Work to be completed: In the material below, the line holding "M/S Asian Sealing" and every line after it should be reproduced exactly, please, with pictures omitted.
#### Dataset excerpts
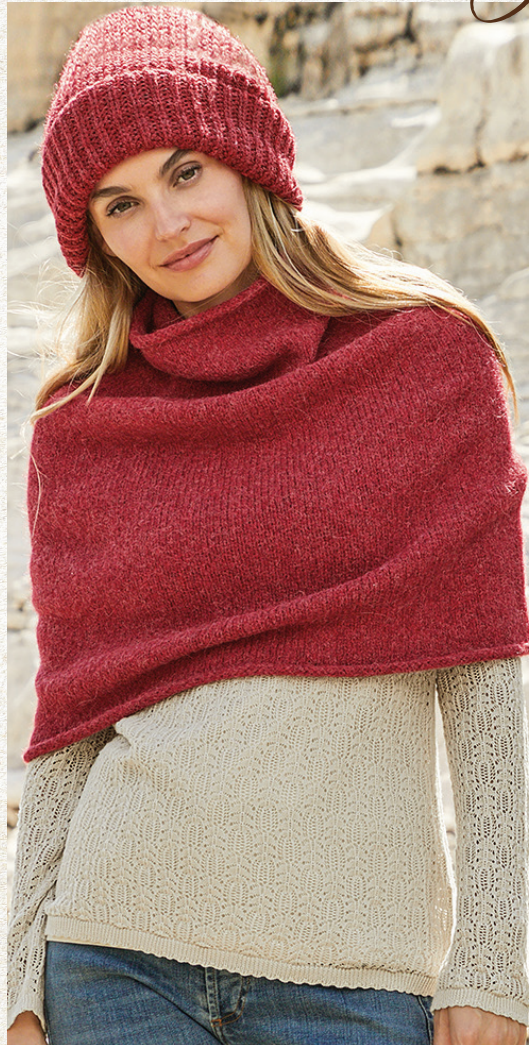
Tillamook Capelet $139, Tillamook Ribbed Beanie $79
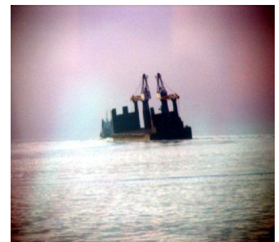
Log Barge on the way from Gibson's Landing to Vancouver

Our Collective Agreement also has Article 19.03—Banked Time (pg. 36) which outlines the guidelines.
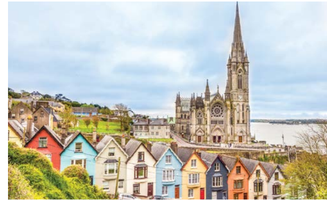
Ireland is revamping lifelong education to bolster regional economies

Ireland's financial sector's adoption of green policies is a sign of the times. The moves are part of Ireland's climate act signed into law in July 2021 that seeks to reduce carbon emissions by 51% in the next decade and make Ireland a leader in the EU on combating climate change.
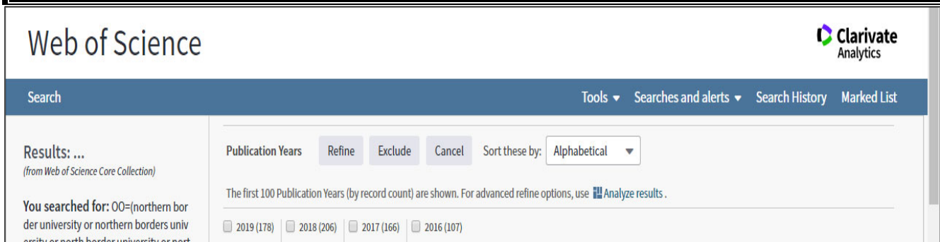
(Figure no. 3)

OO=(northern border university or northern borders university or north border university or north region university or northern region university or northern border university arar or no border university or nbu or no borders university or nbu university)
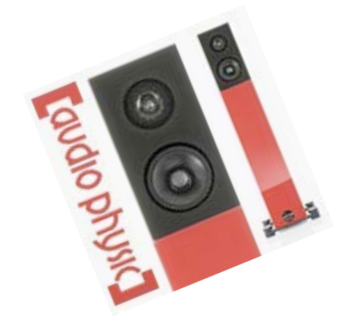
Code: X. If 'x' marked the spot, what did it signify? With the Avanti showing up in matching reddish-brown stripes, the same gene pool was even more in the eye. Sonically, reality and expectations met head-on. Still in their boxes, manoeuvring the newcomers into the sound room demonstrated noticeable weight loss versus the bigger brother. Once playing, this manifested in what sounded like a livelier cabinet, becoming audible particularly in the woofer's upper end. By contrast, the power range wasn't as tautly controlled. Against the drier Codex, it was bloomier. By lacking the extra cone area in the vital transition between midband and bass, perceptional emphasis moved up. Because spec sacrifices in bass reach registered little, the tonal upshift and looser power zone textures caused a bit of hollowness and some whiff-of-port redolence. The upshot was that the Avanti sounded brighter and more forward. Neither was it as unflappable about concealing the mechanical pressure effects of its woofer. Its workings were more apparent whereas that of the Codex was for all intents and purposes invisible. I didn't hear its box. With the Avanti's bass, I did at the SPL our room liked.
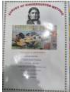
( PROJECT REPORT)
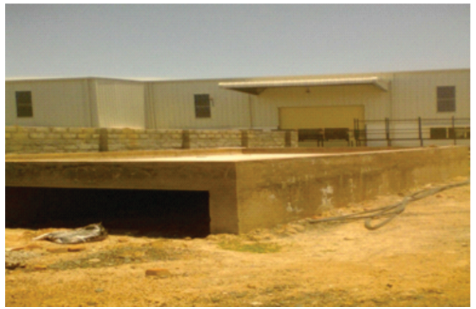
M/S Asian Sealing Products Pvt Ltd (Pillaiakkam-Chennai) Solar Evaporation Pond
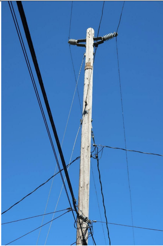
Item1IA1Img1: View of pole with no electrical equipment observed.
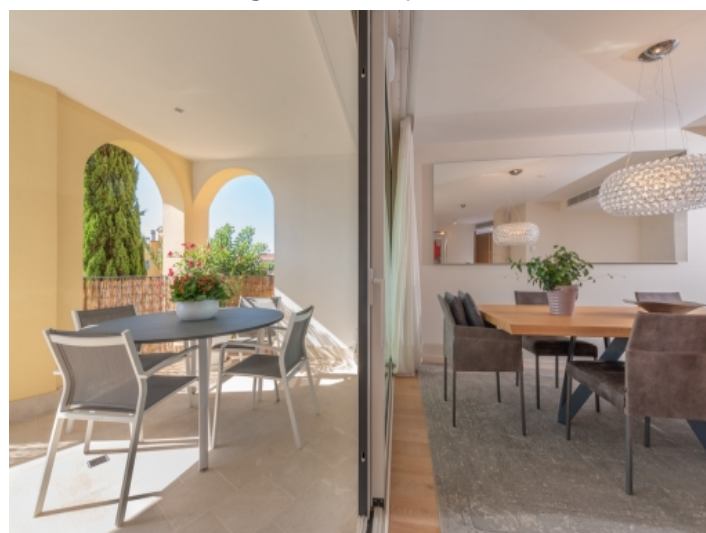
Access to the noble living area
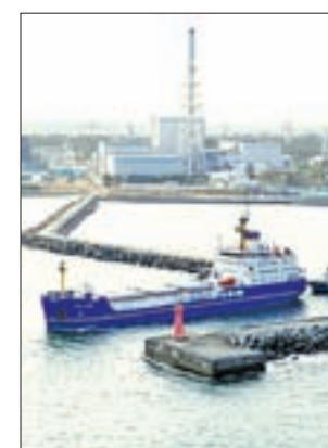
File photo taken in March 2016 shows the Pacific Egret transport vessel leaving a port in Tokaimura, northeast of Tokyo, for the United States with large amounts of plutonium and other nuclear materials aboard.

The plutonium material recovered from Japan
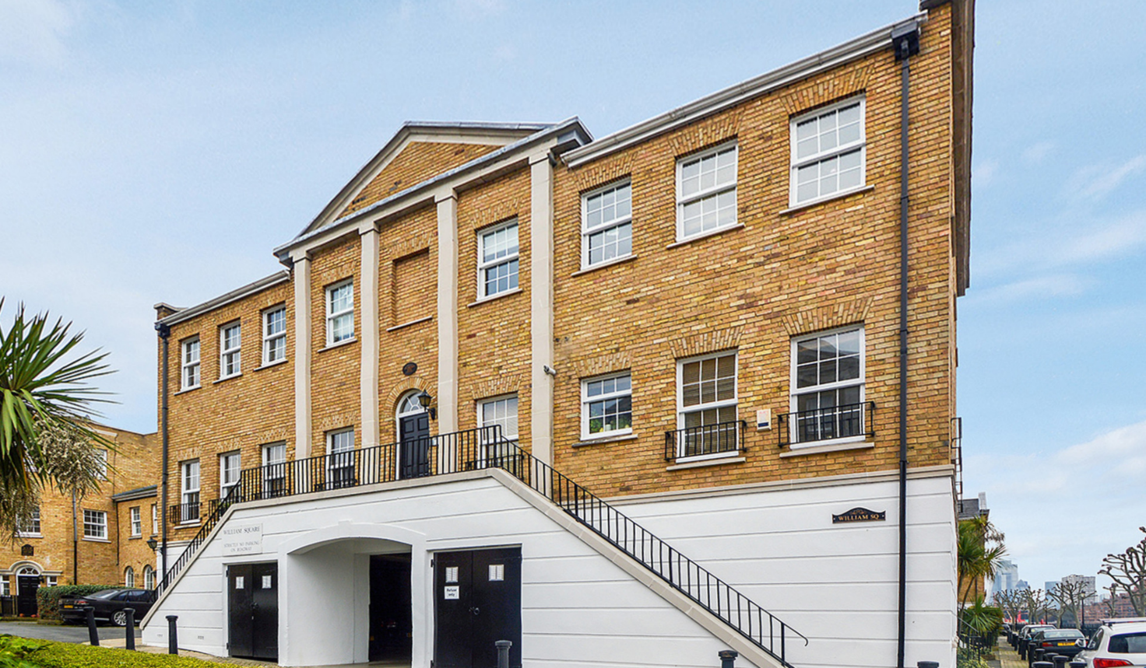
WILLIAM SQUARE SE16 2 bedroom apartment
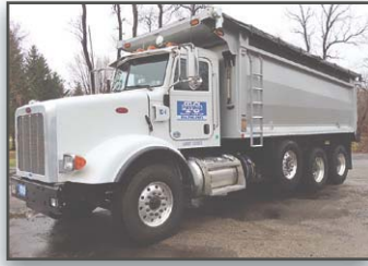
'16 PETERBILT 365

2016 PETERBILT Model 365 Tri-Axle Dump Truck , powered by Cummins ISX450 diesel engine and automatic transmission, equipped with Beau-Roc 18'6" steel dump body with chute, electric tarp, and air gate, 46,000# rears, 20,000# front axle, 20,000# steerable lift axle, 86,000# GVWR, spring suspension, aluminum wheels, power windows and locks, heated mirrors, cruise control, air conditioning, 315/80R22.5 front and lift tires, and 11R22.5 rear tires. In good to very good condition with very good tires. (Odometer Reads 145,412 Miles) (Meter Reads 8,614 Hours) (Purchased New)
########
Your response:
M/S Asian Sealing Products Pvt Ltd (Pillaiakkam-Chennai) Solar Evaporation Pond
Item1IA1Img1: View of pole with no electrical equipment observed.
Access to the noble living area
File photo taken in March 2016 shows the Pacific Egret transport vessel leaving a port in Tokaimura, northeast of Tokyo, for the United States with large amounts of plutonium and other nuclear materials aboard.

The plutonium material recovered from Japan
WILLIAM SQUARE SE16 2 bedroom apartment
'16 PETERBILT 365

2016 PETERBILT Model 365 Tri-Axle Dump Truck , powered by Cummins ISX450 diesel engine and automatic transmission, equipped with Beau-Roc 18'6" steel dump body with chute, electric tarp, and air gate, 46,000# rears, 20,000# front axle, 20,000# steerable lift axle, 86,000# GVWR, spring suspension, aluminum wheels, power windows and locks, heated mirrors, cruise control, air conditioning, 315/80R22.5 front and lift tires, and 11R22.5 rear tires. In good to very good condition with very good tires. (Odometer Reads 145,412 Miles) (Meter Reads 8,614 Hours) (Purchased New)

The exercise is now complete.